In other words, if you manage a website that deals with, say, health care, science or technology, you have an ethical obligation to a) recognize the potential harm that can result from misinformation in comments; b) take action to minimize that harm and facilitate a productive dialogue.
This brings me to Stack Overflow, which has a responsibility to offer accurate, useful feedback about programming. The stakes can be high, considering that a malicious or misinformed user could easily convince others to execute harmful code.
I think Stack Overflow is an excellent example of how sites can use rewards systems to encourage positive feedback and punish (i.e. downvote) those who disseminate misinformation or off-topic questions. The feedback as a whole seems very focused and accurate.
I hope other sites that offer serious advice will become more aware of their responsibility to solicit accurate comments. Now that we know comments can seriously affect readers' perceptions, it seems that an anything-goes comment form can be unethical. Stack Overflow may be a great role model in this respect.
Having said all that I'm just glad that its there. I remember coding without the internet (and I don't just mean a router failure) and that had its own challenges but SO has got me answers typically with in minutes and now instantly as the Q. base has grown. It's an amazing resource. If they can work out how people can contribute easily again it will be here for years to come.
SO has always helped me a great deal. I remember when I first started going to SO for answers, soon I had an urge to contribute back to the SO community, whatever little I could. I used to work with .net and SQL Server those days, and I used to have Linqpad open and ready right from the morning, looking for questions that I could answer. As soon as I found a question I can answer, I would verify it as quickly as possible and post it. I still remember how annoying it was to get the answer right and to realize someone posted a similar answer just seconds before I did. Good old days.
I feel like this website will outlive Facebook and Twitter. It's such an indispensible tool in my life.
I have definitely hated the attitudes of a lot of people over there and also the unusual closing of questions, but its inarguable that this site is probably one of the most important things on the internet for programmers.
What were SO-coders doing 5 years ago?
I have issues with SO, but I use it almost daily.
This sums up why we use internet.
Congratulations on five years! (it feels like I've known you a lot longer)
And I don't miss them. (Almost.)
The amount of knowledge gained from questions alone is immense.

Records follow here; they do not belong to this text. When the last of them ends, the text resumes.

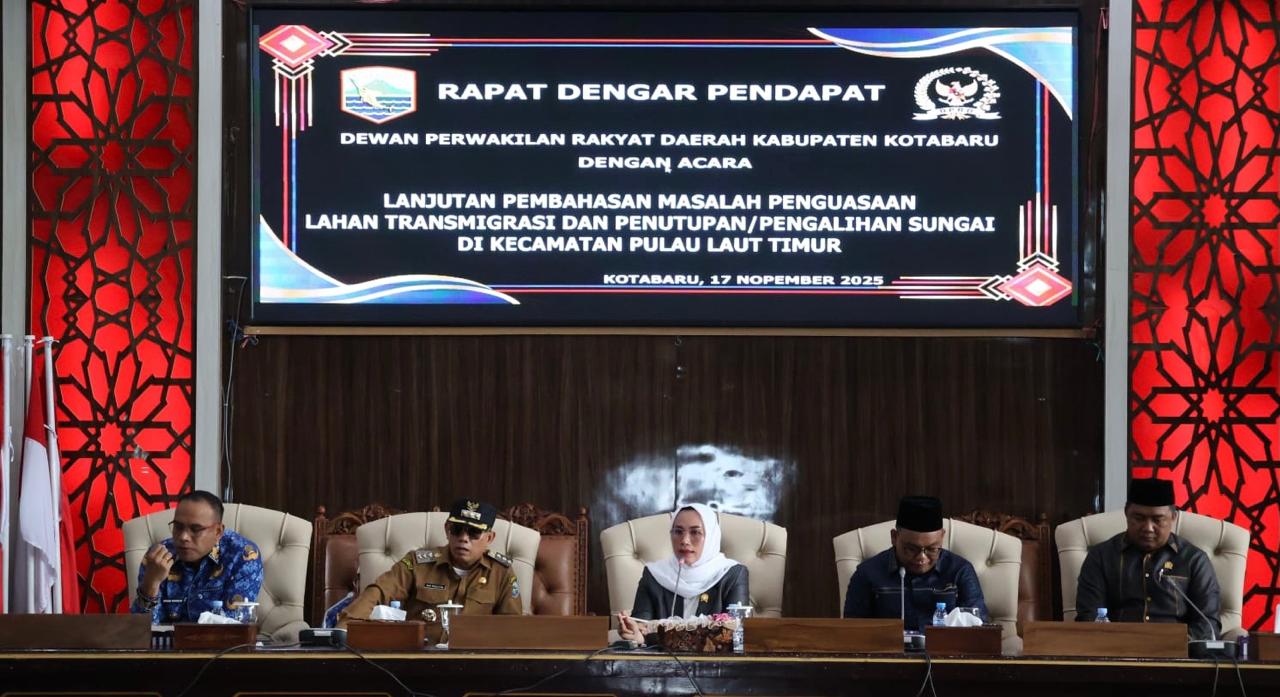 Kotabaru, Jukung.co.id — Pemerintah Kabupaten Kotabaru bersama DPRD Kotabaru menggelar rapat mediasi terkait persoalan lahan di wilayah Pulau Laut Timur, Senin (17/10/2025), di Ruang Rapat Paripurna DPRD. Pertemuan berlangsung intens dan dipimpin Ketua DPRD Kotabaru, Hj. Suwanti, dengan melibatkan unsur legislatif, eksekutif, instansi teknis, perusahaan, hingga perwakilan masyarakat.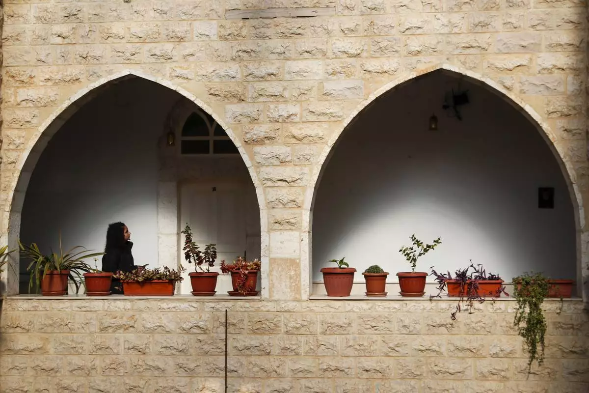 A woman walks by the Church of Saints Sergius and Bacchus after Sunday Mass in the town of Maaloula, Syria, Sunday, Jan. 12, 2025. (AP Photo/Omar Sanadiki)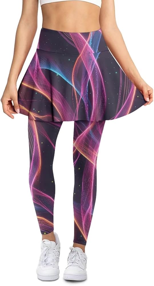 المطابقة: يسهل تنسيقه مع التي شيرت والسويت شيرت والقمصان والأحذية الرياضية والأحذية والديكور للحصول على مظهر يومي غير رسمي. تساعدك سراويل اليوغا الطويلة مع التنورة القصيرة الواسعة على الاستمتاع بالجمال أثناء ممارسة التمارين.

I have answered about 20 questions but I found it a lot less attractive as I'd rather learn new things than recite from memory solutions.
The questions are growingly become more and more strict in terms of moderation and for new comers it's frustrating experience to have your questions closed because existing members like to taunt newbies. I don't see SO taking off anymore, rather finding on news.ycombinator means it has peaked. The very people that flock to SO are shunned for asking questions that are not clear. Rather than aid them, questions are closed. This leaves a very bad taste in a newbies mouth. The massive traffic is from the previous accumulation of users but again the overly zealous moderators have ruined the welcoming community image.

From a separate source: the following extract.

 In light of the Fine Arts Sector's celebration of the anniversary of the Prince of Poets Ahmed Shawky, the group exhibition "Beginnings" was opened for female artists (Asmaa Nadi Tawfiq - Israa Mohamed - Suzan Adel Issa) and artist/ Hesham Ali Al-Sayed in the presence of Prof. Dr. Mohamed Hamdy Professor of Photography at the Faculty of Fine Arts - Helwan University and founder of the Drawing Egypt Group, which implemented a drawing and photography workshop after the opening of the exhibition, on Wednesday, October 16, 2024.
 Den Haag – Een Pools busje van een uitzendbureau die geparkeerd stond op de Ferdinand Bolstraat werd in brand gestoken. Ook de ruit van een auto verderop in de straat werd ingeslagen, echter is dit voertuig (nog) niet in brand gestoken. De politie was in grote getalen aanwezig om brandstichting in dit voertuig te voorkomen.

Long ago someone asked about intended meaning vs literal meaning in questions. This received massive amount of downvotes (existing gurus) but I saw this is something critical that SO founders have completely missed.

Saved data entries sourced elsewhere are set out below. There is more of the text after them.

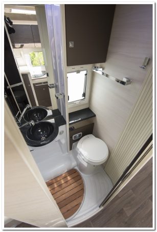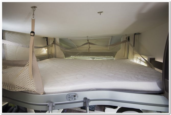 Chacun des deux salons bénéficie d’un couchage grâce aux lits de pavillon nichés au plafond. Notez que les deux lits s’abaissent électriquement sans aucun effort ! Entre les deux espaces, vous trouverez d’un côté la cuisine et de l’autre, une salle d’eau équipée d’une douche, d'un lavabo et d'un cabinet.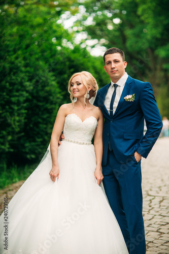 Beautiful wedding couple walking in park. Happy newlyweds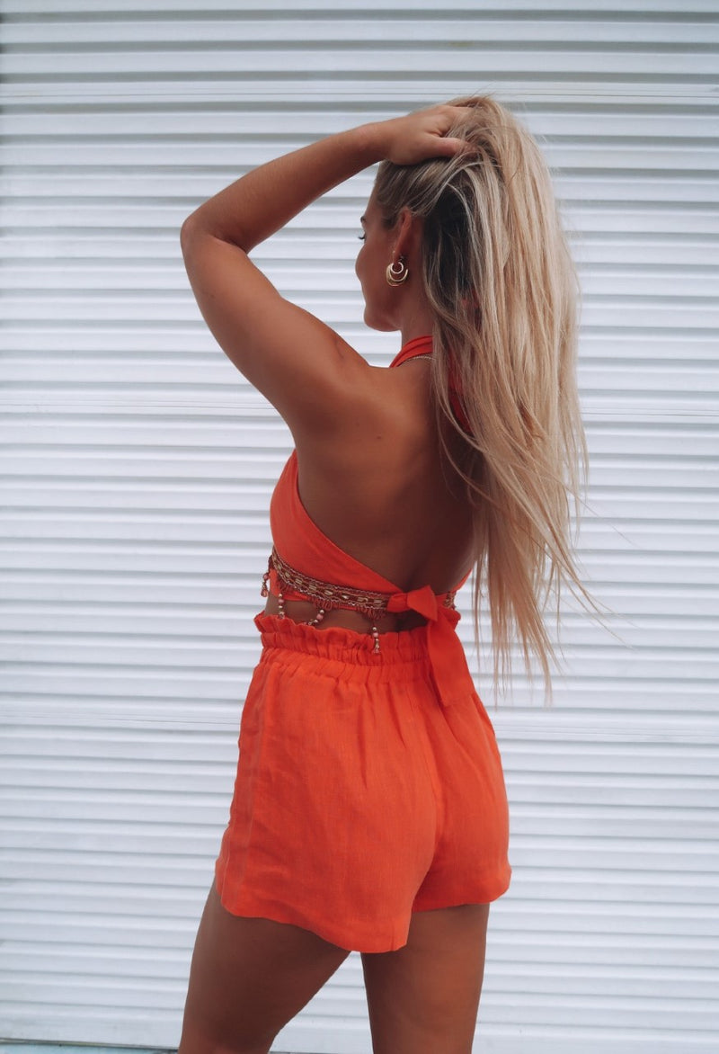 Made from a high quality, crisp pure linen, the La Contessa Halter features a cross over front with a soft tie at the back of the neck. This style is held in place with the under bust band, and ties at the back. We love the open back detail on this gorgeous top!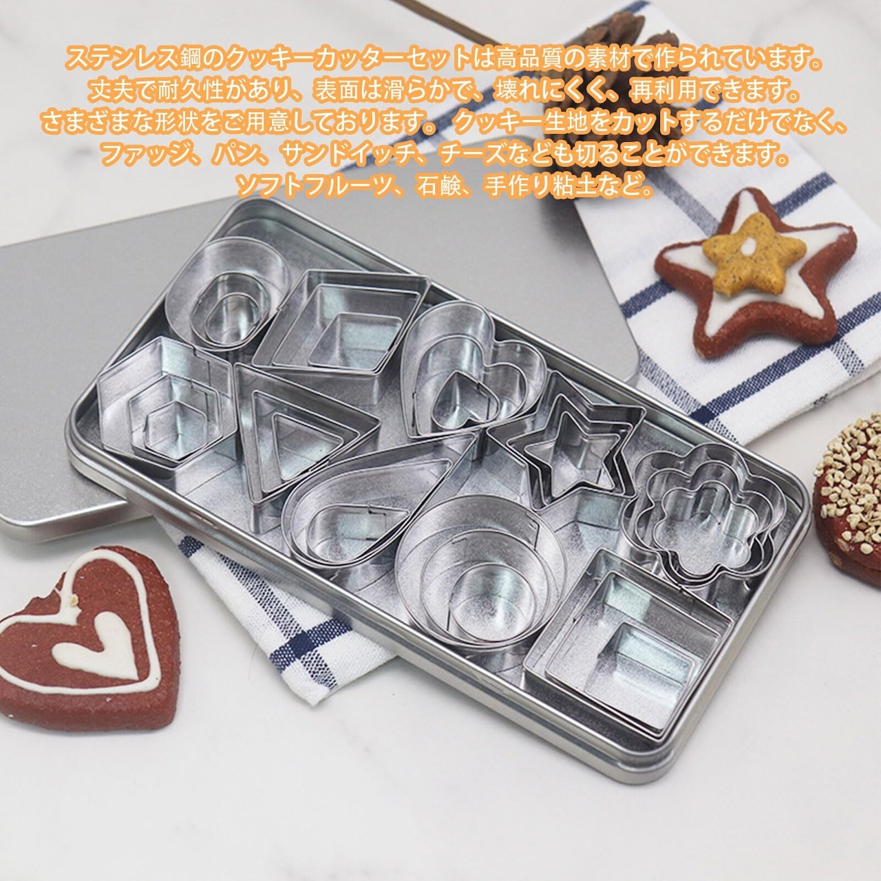 【高品質】クッキー型は高品質のステンレス鋼で作られており、毒性がなく、環境に優しく、錆びたり色褪せたりしにくいです。 耐久性があり、掃除が簡単で再利用可能です。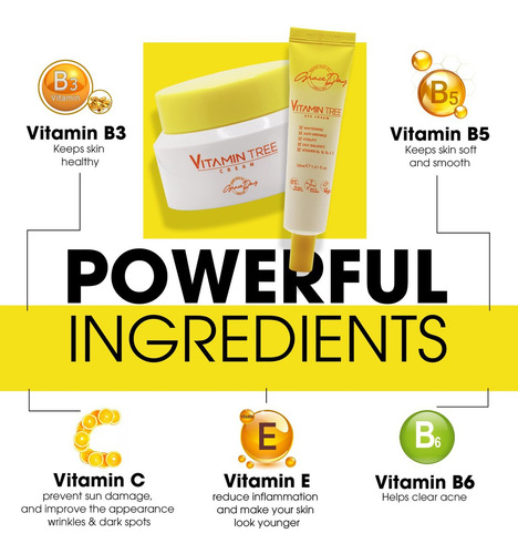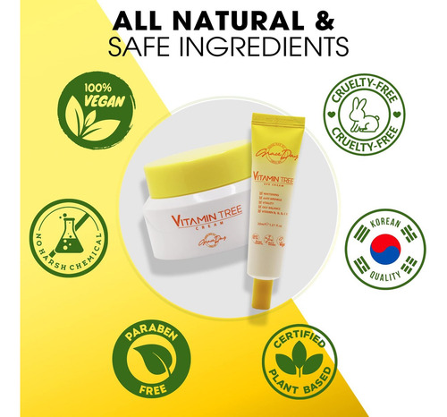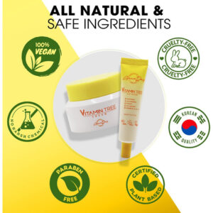 Creme Vitamin Tree 100% vegano certificado. Contém vitamina C, provitamina B5, vitamina E e vitamina B3. Eficaz contra acne, manchas escuras e danos causados pelo sol. Creme antienvelhecimento e anti-rugas para dia e noite com ingredientes naturais. 50 g Fabricado na Coreia (creme facial), o

Remember in Pakistan, during the 1971 war with India. The civilians that have put Bhutto in power have become so alienated from socialist policies of the leader, failing to see that it's the people that put an individual in power. He was ousted by the CIA but it wouldn't have been possible without the general animosity and betrayal from the public.
I don't think anybody likes to taunt newbies. However, people that donate their time to SO want their time to be used efficiently, and usually fixing badly written question is not the most efficient use of one's expert knowledge and time. People want common investment - you invest in good question, they invest in good answer, everybody wins. Of course, newbies may not know what "good question" is, and experts may have seen so many bad questions over their tenure that their temper has been worn thin, thus sometimes misunderstandings happen. But I think approaching it with understanding that it is a common investment, and asker has to invest first to get their investment back with sizeable profit of a good answer may be helpful here.
Isn't that the entire internet?
"Asks dumb question"
Winnuked.
I'm glad someone said it. Before they would at least leave a comment, or ask the user to elaborate or rephrase the question, now they just close. I see so many questions closed INSTANTLY, with no explanation, and most of the time it's not even rightly so.
Of course the vague rule about rules defined by the community allow them to do anything. Once again, moderation has ruined another website.